UN body demands answers from Syria regime about death notices
Following an informal behind closed door meeting with council members, the commission chairman said as he seeks a response from the Syrian regime about the number of returnees who have disappeared or were imprisoned.
It also wants answers for the death notifications that have been released from the regime to the families of detainees over the past few months.
"The issues of the detainees and the disappeared should not be dealt after peace, but now is the time to consider this," said Paulo Pinheiro, who heads the commission set up to investigate human rights violations in the war.
On Wednesday, it was reported that an female American-Syrian aid worker had been confirmed tortured to death in one of the regime's notorious prisons.
Tens of thousands of detainees are thought to have been murdered in Assad's jails.
Military police and the army in May provided for the first time information to government civil registry offices on the deceased, with families learning the fates of their loved one who were detained during the war.
"The state is beginning to put out that information, but little else," said commission member Hanny Megally.
"The families have a right to know what happened, where the bodies are, to get information about them."
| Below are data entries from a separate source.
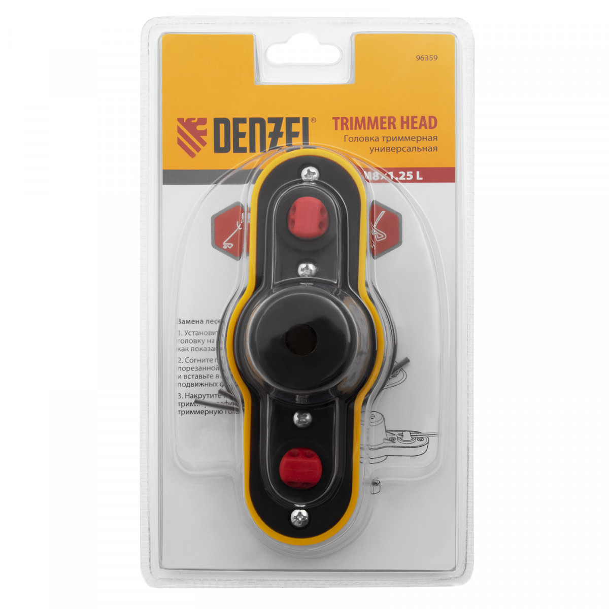 Универсальная триммерная головка Denzel 96359 с закладной гайкой М8 х 1,25 с левой резьбой подходит практически ко всем моделям электро- и бензокос. Заправляется режущей леской толщиной до 3 мм, поэтому эффективна как для подравнивания газона, так и для скашивания высоких зарослей травы.
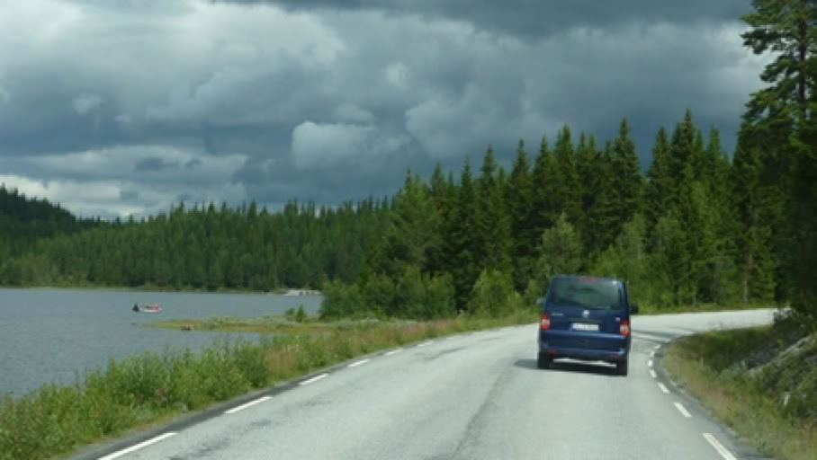 Irgendwann verließ ich die E134 Richtung Norden und bog in die kleine Straße RV 504 ein, einem Wald- und Feldweg nach Åmot. Viele großen Strassen wie die Europastraßen haben schon einiges zum Stauen und Anhalten zu bieten. Will man aber mehr Natur und Wildnis erleben, sollte man immer nach Alternativrouten Ausschau halten.
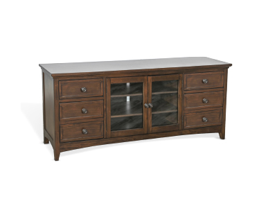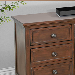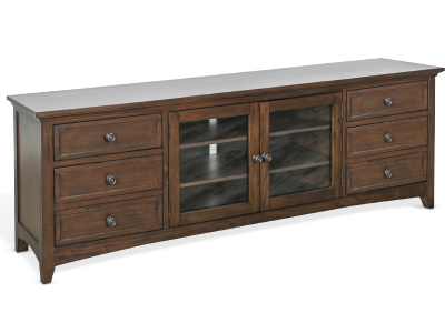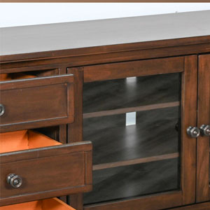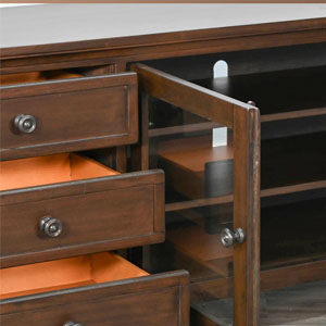 Featuring adjustable shelves and six drawers for all your media essentials. The elegant Coffee Bean finish adds a touch

The UN body said that it must be given access to all jails and prisons to confirm who is still alive in detention, he added.
The commission hopes council members including Russia, Bashar al-Assad's ally, can encourage the Damascus government to take steps to address demands from the families of lost or missing loved ones.
Syria's war has killed at least 360,000 people and displaced millions.
UN-led diplomatic efforts to end the war have stalled, but Russia, Iran and Turkey are spearheading a separate peace drive without the international community.
A Lebanese minister also confirmed this week that Syrians had been killed or disappeared when they returned home.